### ACTIVITY
Return nothing but the lines from the one containing "1月2日下午,学校在科学楼三" through the end of the records below, exactly as they stand and without pictures.

### SUPPLIED MATERIAL
* * * * * * *
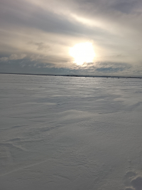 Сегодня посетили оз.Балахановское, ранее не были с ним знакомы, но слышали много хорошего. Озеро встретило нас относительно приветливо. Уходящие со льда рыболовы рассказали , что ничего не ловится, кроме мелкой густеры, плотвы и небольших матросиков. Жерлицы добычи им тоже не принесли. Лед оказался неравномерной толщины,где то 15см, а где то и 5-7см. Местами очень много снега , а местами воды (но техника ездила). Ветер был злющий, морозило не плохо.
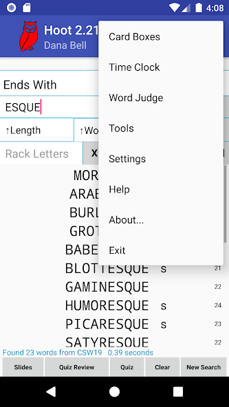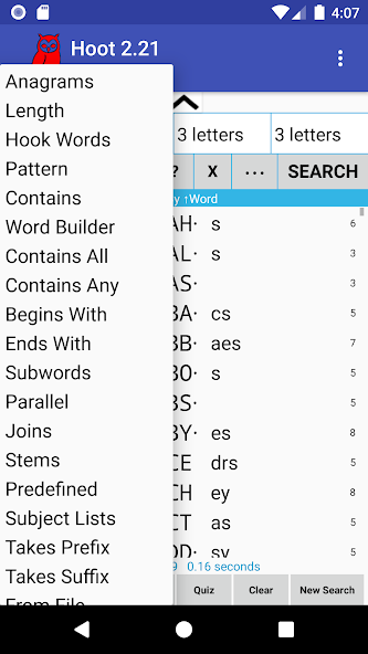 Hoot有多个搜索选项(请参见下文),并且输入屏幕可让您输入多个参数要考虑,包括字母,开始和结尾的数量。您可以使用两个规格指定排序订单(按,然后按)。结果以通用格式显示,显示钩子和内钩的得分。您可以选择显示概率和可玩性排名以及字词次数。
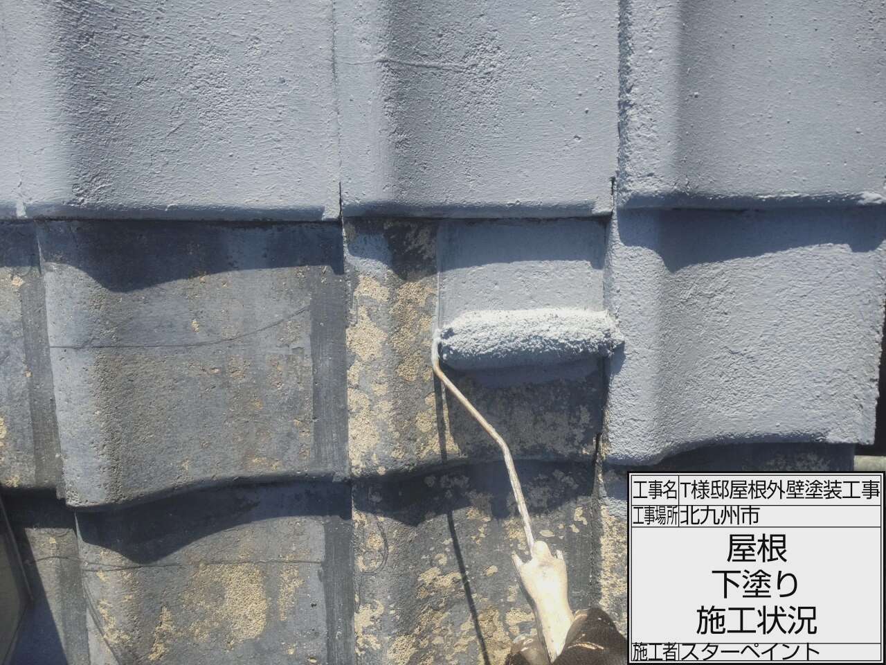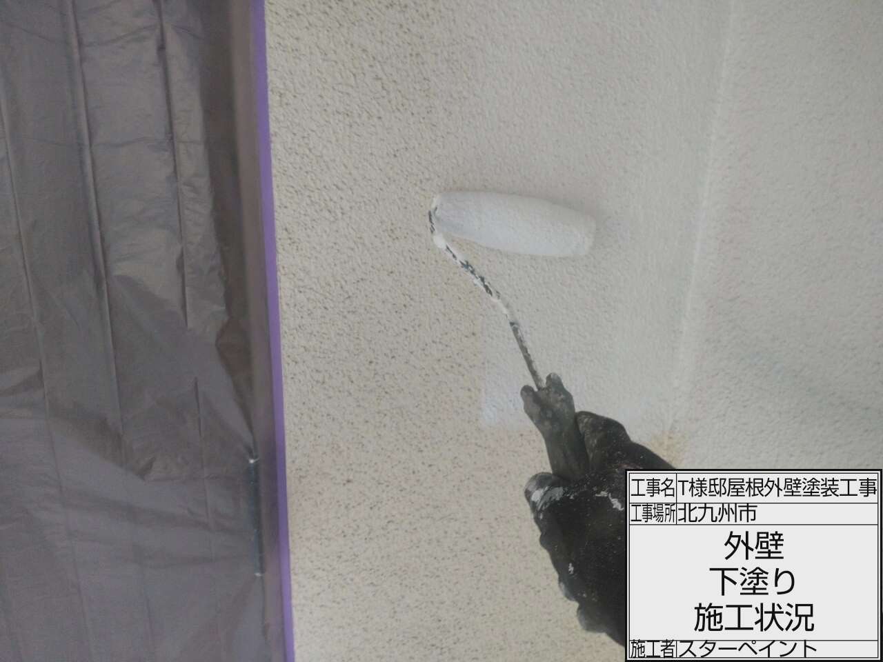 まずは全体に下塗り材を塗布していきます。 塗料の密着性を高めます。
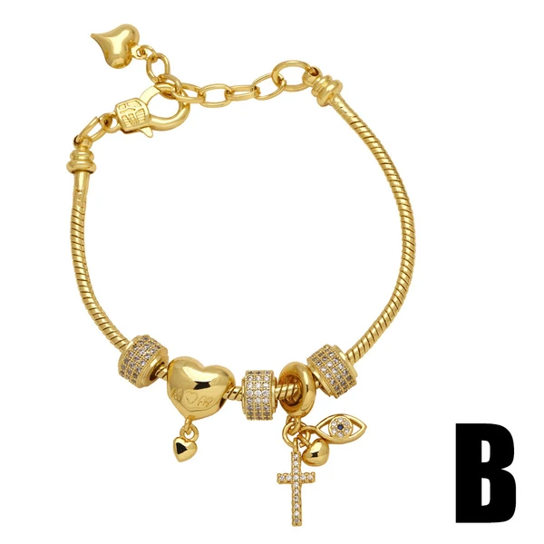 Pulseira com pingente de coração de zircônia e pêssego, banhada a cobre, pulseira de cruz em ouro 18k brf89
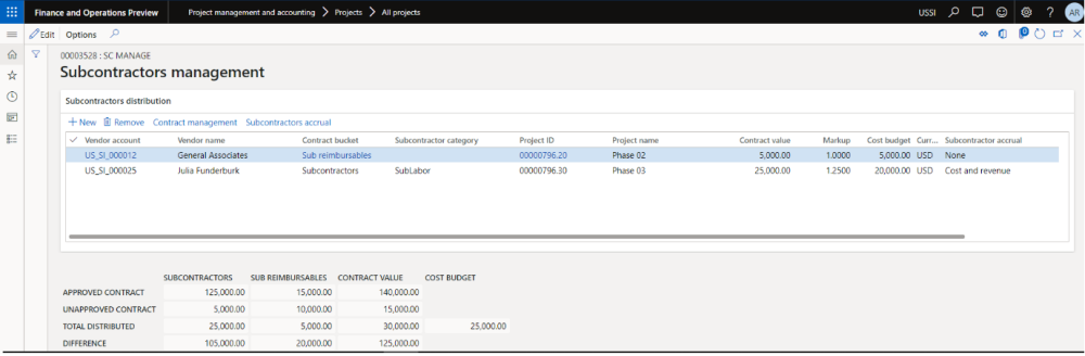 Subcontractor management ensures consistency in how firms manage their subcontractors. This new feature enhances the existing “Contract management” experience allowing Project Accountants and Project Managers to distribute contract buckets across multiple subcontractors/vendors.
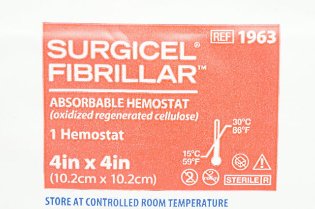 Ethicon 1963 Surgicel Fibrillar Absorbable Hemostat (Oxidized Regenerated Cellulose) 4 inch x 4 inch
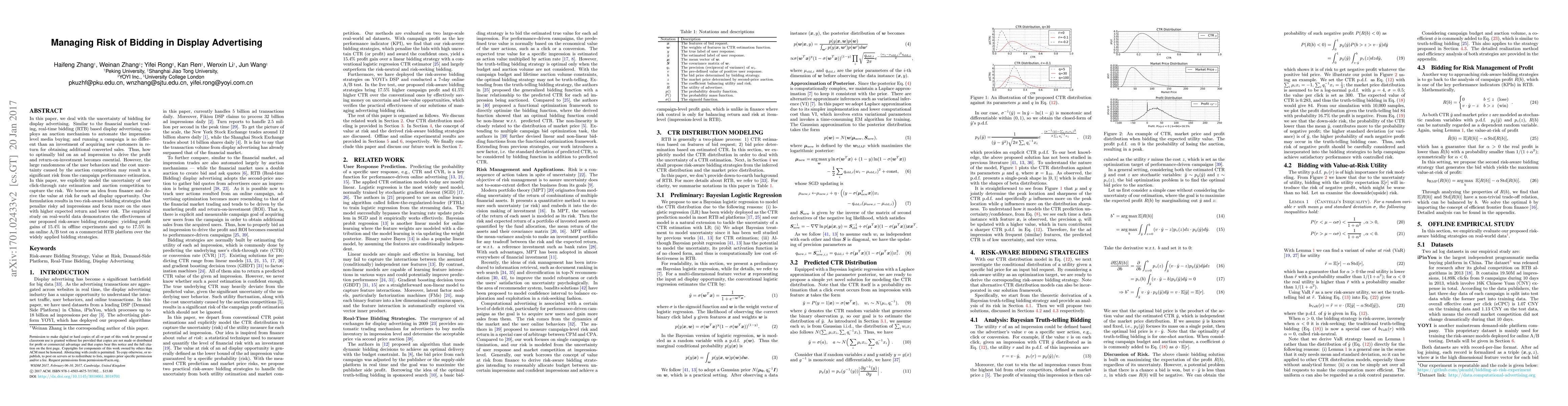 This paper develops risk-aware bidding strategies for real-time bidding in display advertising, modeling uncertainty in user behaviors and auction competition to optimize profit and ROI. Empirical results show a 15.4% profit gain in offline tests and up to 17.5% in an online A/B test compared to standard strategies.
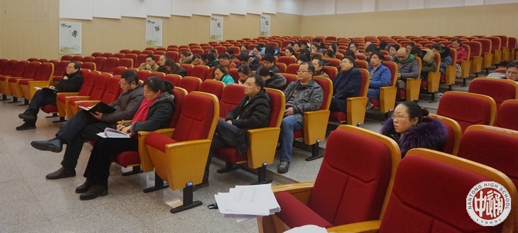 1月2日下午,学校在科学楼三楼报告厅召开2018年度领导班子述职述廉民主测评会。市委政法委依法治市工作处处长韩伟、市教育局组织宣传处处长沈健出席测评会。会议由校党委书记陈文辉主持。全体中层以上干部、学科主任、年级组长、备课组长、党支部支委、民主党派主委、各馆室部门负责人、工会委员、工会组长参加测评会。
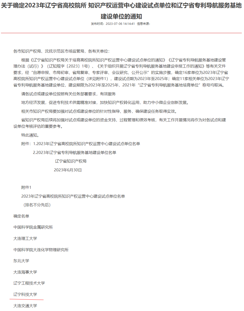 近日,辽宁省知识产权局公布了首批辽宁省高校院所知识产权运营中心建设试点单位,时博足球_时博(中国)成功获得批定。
* * * * * * *
### SOLUTION BELOW
 1月2日下午,学校在科学楼三楼报告厅召开2018年度领导班子述职述廉民主测评会。市委政法委依法治市工作处处长韩伟、市教育局组织宣传处处长沈健出席测评会。会议由校党委书记陈文辉主持。全体中层以上干部、学科主任、年级组长、备课组长、党支部支委、民主党派主委、各馆室部门负责人、工会委员、工会组长参加测评会。
 近日,辽宁省知识产权局公布了首批辽宁省高校院所知识产权运营中心建设试点单位,时博足球_时博(中国)成功获得批定。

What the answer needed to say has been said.